Cipherome
(Deciphering Personal Genome)
The Cipherome is a project to
establish systematic infrastructures and develop computational methods
for interpreting personal genome variations.
In this project, we expect to evaluate the association between common disease and rare variant(s) through the mutational profile.
Especially, we will take a look into even 'private' variants from an individual and assess a combination of private mutations.
- Establishing systematic infrastructures for interpreting personal genome variations.
- Pipelining for sequence variant analysis.
- Analyzing the mutation profile on the Pan-omic scale.
- Objectives
- Using the variety of publicly available TCGA mutation data of Pan-omic scales, Identifying the novel exclusive genes associated with a particular tumor type or subtype. Finally, interpret the somatic mutation profile in Pan-omic scale.
- Methods
- Data processing
- Extracting the non-synonymous mutation of the MAF files and generating the Pan-omic scale tumor MAF files.
- Conducting the basic data analysis
- Finding the driver mutation and exclusive mutation
- Finding the driver mutation using the existing tools ( MutSig, etc..)

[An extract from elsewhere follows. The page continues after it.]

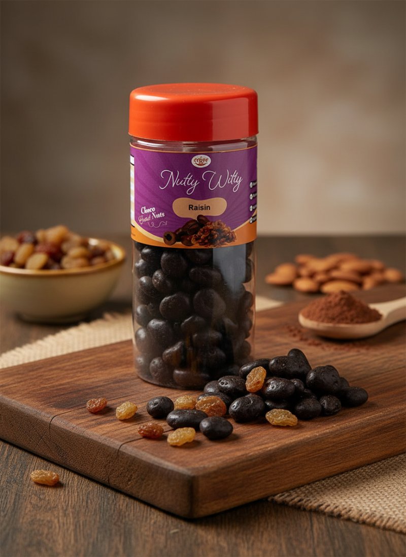 Juicy, sun-dried raisins wrapped in a smooth, luscious layer of chocolate. This bite-sized treat offers a delightful balance of fruity sweetness and rich cocoa – perfect for guilt-free snacking, gifting, or a sweet pick-me-up any time of day.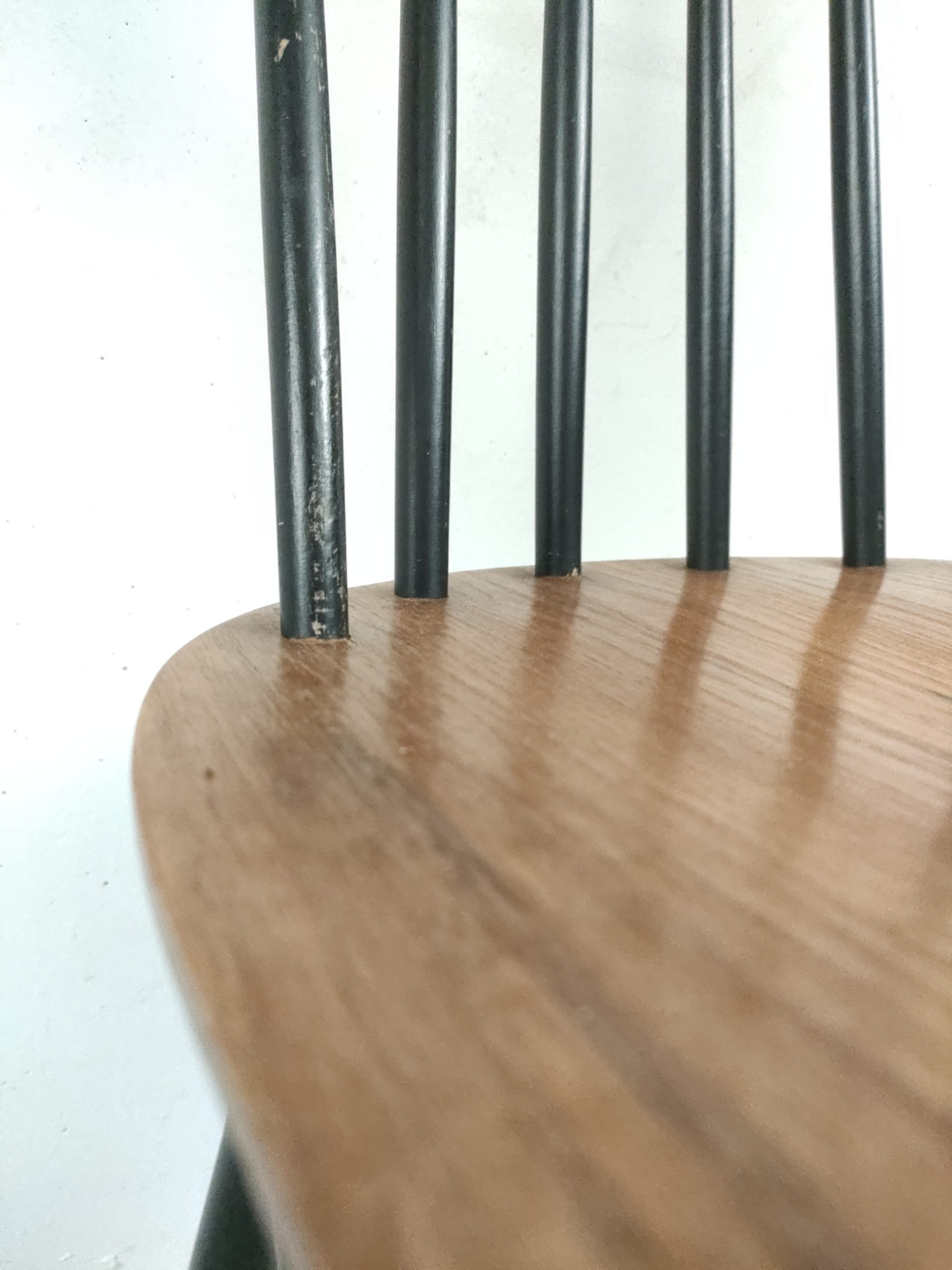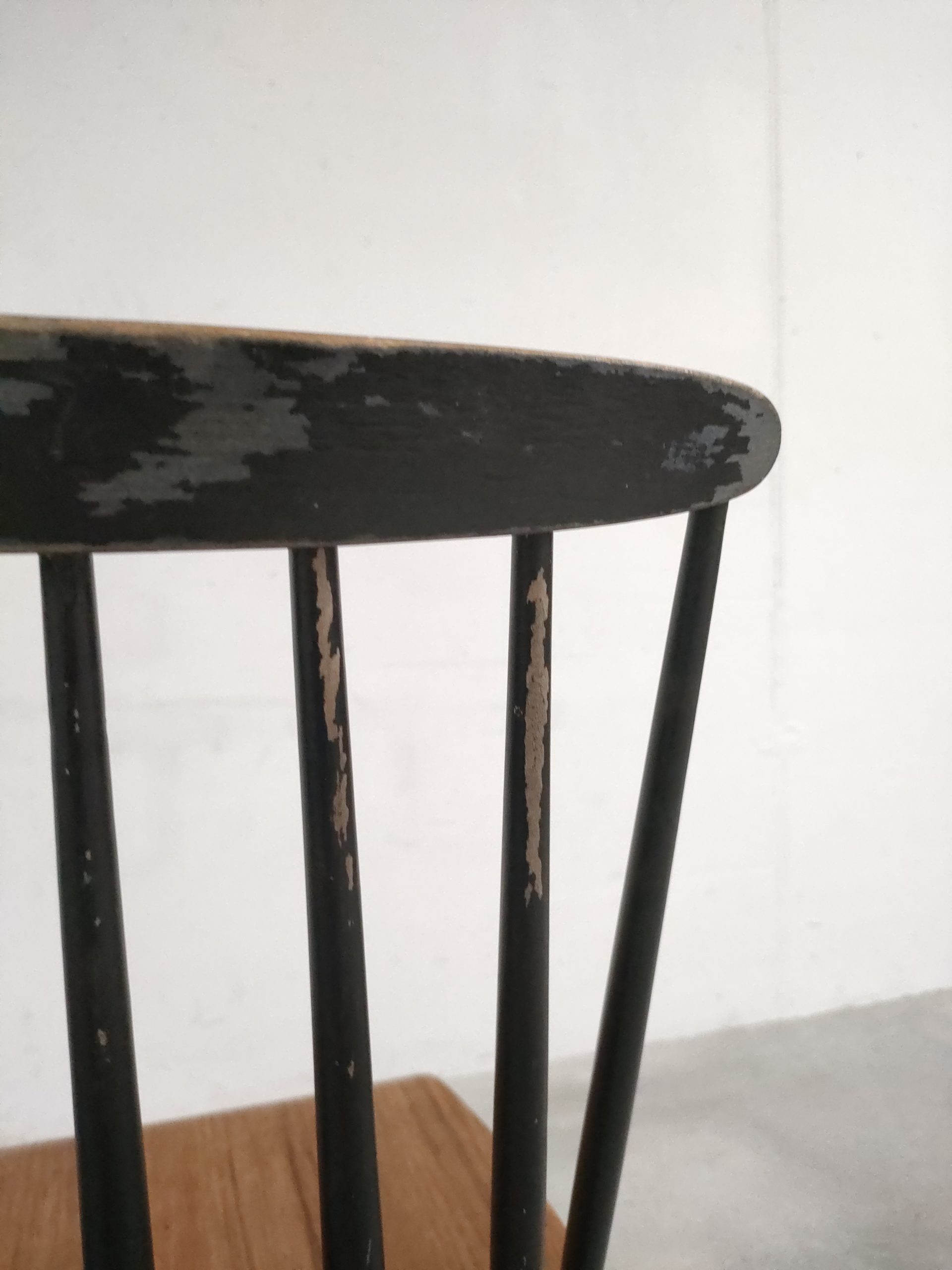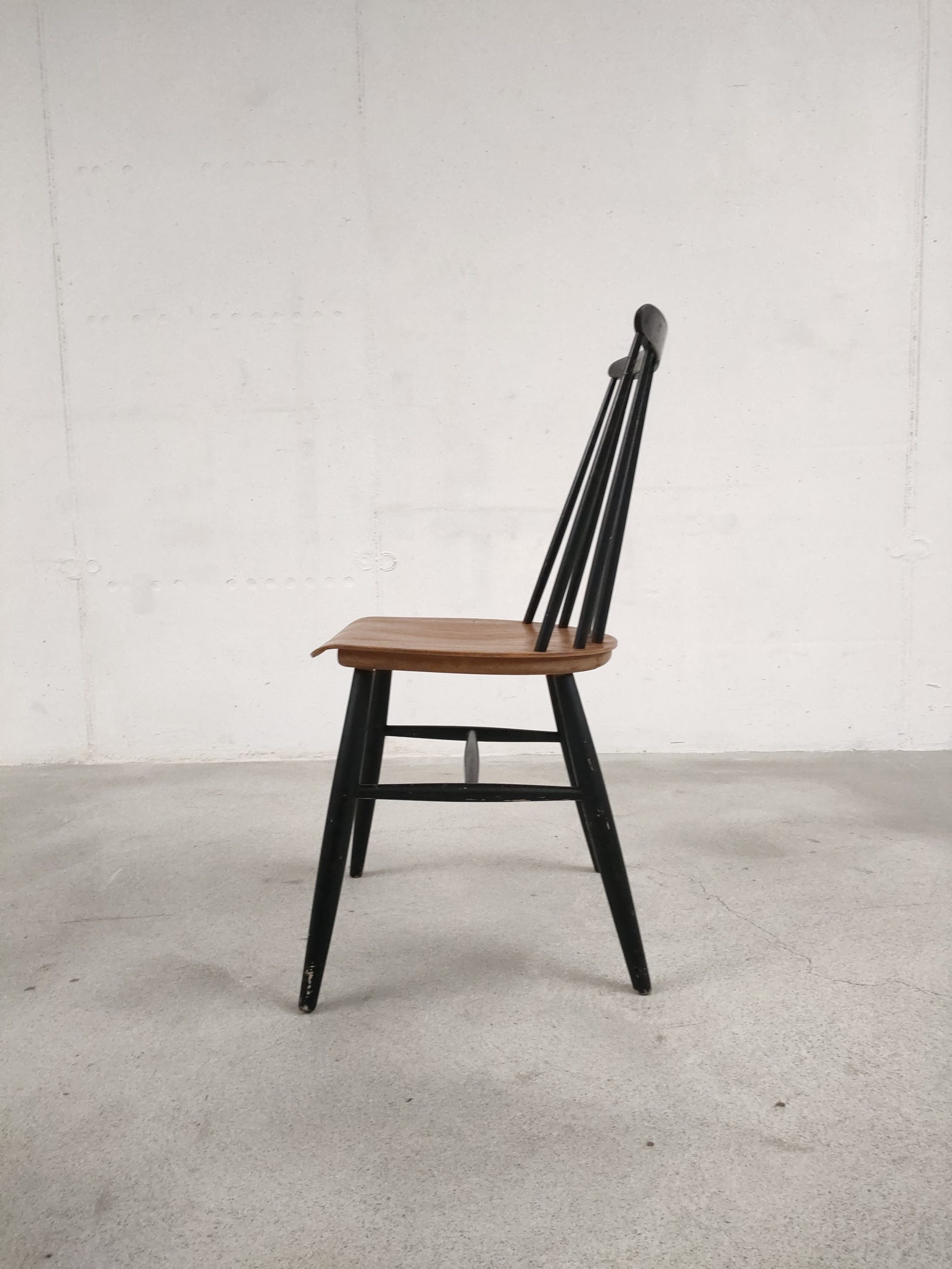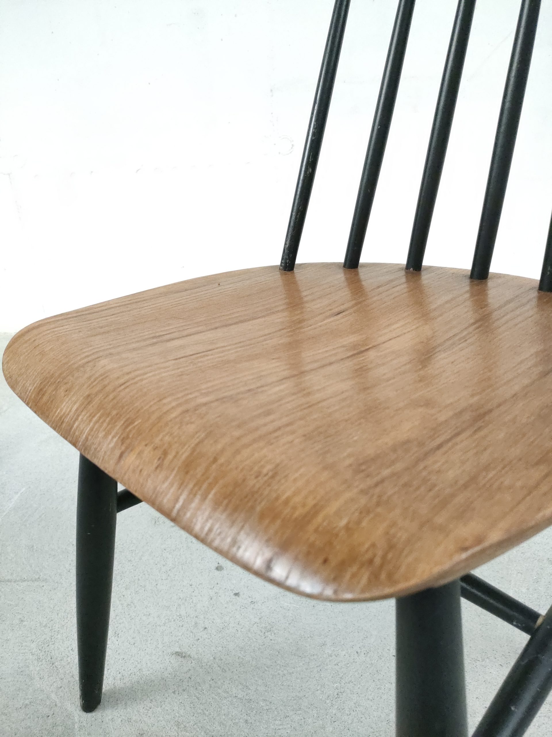 Produit venduChaise à barreaux en bois dans le style des chaises Fanett de Tapiovaara (pas d’étiquettes ni de gravures dans le bois). Des manques de peinture sont présentes sur le dossier et le piétement. Légèrement bancale, elle est parfaitement stable et solide quand on est assis.

- Novel exclusive mutation in specific mutation using the exclusive test and visualizing the mutation status
- Interpretation of the exclusivity
- Using the Biological knowledge databases (Pathway and functional based), Interpreting the result of tumor specific mutated gene
- Expected results
- Finding the mutation on Pan-omic scale mutation analysis, were exclusive and could not through existing data analysis is known in the study of tumor existing in subtype or tumor-specific. Through interpretation of it, which also affects the clinical treatment.
- Association between zygosity and the level of expression
- Objectives
- Correlation between variants and gene expression
- How damaging variants affects cis-gene expression?
- Methods
- Integrating 1000 Genomes Projects mRNA-sequencing data and whole genomes sequencing data.
- Finding homo- and hetero- zygous varaints and their allele-specific expression.
- Using gene damaging scores like SIFT or PolyPhen to evaluate correlation between gene expression and allele-specific expression.
- Expected results
- Gene expression from allele with damaging varaints might be decreased.
- Assessment of rare germline mutations for cancer susceptibility with association study.
- Objectives
- The present study aims to develop and investigate predisposition patterns of rare germline mutations for hereditary cancer.
- Methods
- In order to achieve the goal, an association study will be performed on an aggregated rare germline variants and significant cancer risk alleles identified by cancer GWAS.
- Expected results
- I expect my results to identify rare variants that initiate hereditary cancer using association study by aggregating rare variants effects. That is, I believe that multiple rare germline variants across large region will greatly increase the power of contribution towards cancer by aggregating rare variants effects. Rare variants that have large effect are very rare since they are a failure result of purifying selection. As this is relatively new research area, this novel approach is a beginning of paradigm shift in association study using sequencing technologies.